▶ Date: 2023.2.14(TUE)

▶ Time: 1:30pm ~ 2:30pm

▶ Venue: Research Building I, #310 / Offline

▶ Speaker: Dr. Youngsup Song(Lawrence Berkeley National Laboratory)

▶ Title: Toward Carbon-Neutral Energy Generation and Storage via Multiphase Thermal-Fluids and Materials Innovations

▶ Abstract:

As roughly 90% of greenhouse gas emissions involve heat transfer processes, breakthroughs in thermal-fluid sciences will play a pivotal role to mitigate climate change. In particular, the combination of low-carbon power generation and scalable energy storage technologies will enable deep decarbonization of our energy usage. Considering most current power generation being related to the steam cycle, enhancing boiling heat transfer is critical for efficient power generation. As we move toward renewables, we also need scalable and affordable energy storage technologies such as thermal energy storage (TES) to completely replace fossil fuels. My research covers strategies to tackle challenges in enhanced boiling and TES through multiphase thermal-fluids and materials innovations. In the first part of this seminar, I will discuss a mechanistic understanding and enhancement of pool boiling heat transfer via surface property and structure design of a boiling surface. The second part of this seminar will focus on a supercooling phenomenon of phase change materials (PCMs) for TES. The degree of supercooling, i.e., a freezing temperature, changes with almost every material and system parameters due to the inherent coupling of nucleation with heat transfer.
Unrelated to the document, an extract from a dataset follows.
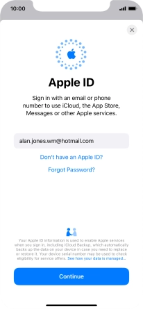 If you don t have an Apple ID, press Don't have an Apple ID? and follow the instructions on the screen to create an Apple ID.

To address this phenomenon for optimized industry-scale TES systems, we have developed an accurate framework to predict the degree of supercooling, with experimental validations, by stochastic modeling of nucleation coupled with heat transfer. These fundamental understanding and enhancement of multiphase thermal-fluids and TES can ultimately lead to deep decarbonization of our energy systems and other sustainability applications.